Sebelum aku masuk kembali ke mobil,
tiba-tiba dia memelukku dari belakang dan mencium pipiku. Hal tersebut sontak
membuatku diam membeku.
Hari-hari kami lewati bersama bulan
demi bulan kami jalani dengan lika-liku yang menghadang sampai akhirnya 2 tahun
hubungan kami berjalan. Aku pun melamarnya. Aku melamarnya di tempat kami
bertemu kembali 2 tahun yang lalu. Dan kami menikah di tanggal yang sama saat
kami bertemu kembali.
Hampir lima tahun sudah pernikahan
aku dan dia berlangsung kami pun memiliki seorang anak yang cantik mirip dengan
istriku. Kami merayakan ulang tahun pernikahan kami di retoran itu lagi, tetapi
kali ini kami berangkat sendiri-sendiri karena Aku dan Dia ingin saling memberikan
kejutan. Aku membawakannya seikat bunga kesukaannya. Sesampainya disana, Aku
belum menjumpainya di tempat kami berjanji. Ku telepon Dia.
“Halo, Kamu dimana? Aku udah nyampe
nih,”
“Aku masih di jalan, tunggu sebentar
yah ,”
“Ya udah, hati-hati yah,”
Satu jam, dua jam, berjam-jam
lamanyanya ku tunggu dia tidak datang-datang, sontak aku marah. Aku coba meneleponnya
ternyata nomer teleponnya tidak aktif, Semakin marah aku padanya. Tetapi tidak
lama kemudian ada seseorang menemuiku memberikan sebuah kertas dan berkata
bahwa itu dari istriku. Aku membukanya dan ternyata itu sebuah karya musik
darinya untukku. Setelah itu dia berkata bahwa Istriku sudah meninggal dalam
kecelakaan yang baru saja terjadi. Kali ini aku terdiam, aku sangat terkejut
dan tidak percaya. Aku tidak mendengar
apa-apa lagi, telingaku seolah tuli setelah mendengar berita tersebut. Aku
bergegas menemuinya ke rumah sakit, dan ternyata benar yang terbujur kaku
disana adalah istriku yang sangat ku cintai, yang sangat ku sayangi. Aku pun
kehilangan arah, aku sering mabuk-mabukan karena aku masih belum bisa menerima
hal tersebut. Dan aku semakin depresi, berbulan-bulan aku seperti itu.

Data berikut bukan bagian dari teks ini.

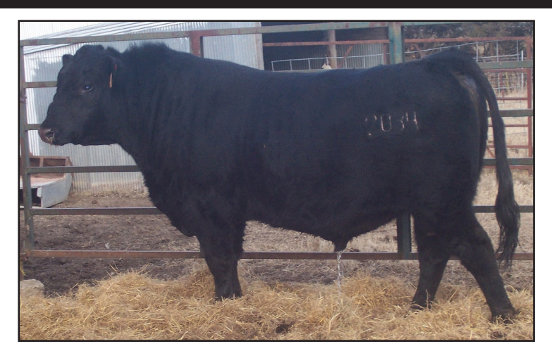
Lot 1: Hunts 0597 Traveler 2034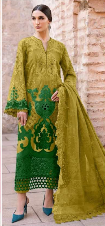
7183 - D

Anakku yang selalu mengingatkanku
padanya karena dia selalu memainkan lagu buatan ibunya bila dia merindukannya. Semakin
hari aku kembali pulih dari depresiku, aku bisa melanjutkan hidupku dengan
mengenangnya lewat anakku. Dengan menganggapnya selalu ada di sampingku,
mendampingiku melakukan apapun hatiku terasa sangat tenang. Karena dialah cintaku
yang abadi.
Cinta itu datangnya sekali dan selalu
abadi sampai kedua insan yang merasakan cinta itu mati.
_The End_
NB : Sebelum diposting, Nisa udah minta izin dulu ke Bobbynya biar cerpennya Nisa posting di blog Nisa, jadi gak ada pihak yang dirugikan :D
sip... cerita yang bagus..
Makasih ya :)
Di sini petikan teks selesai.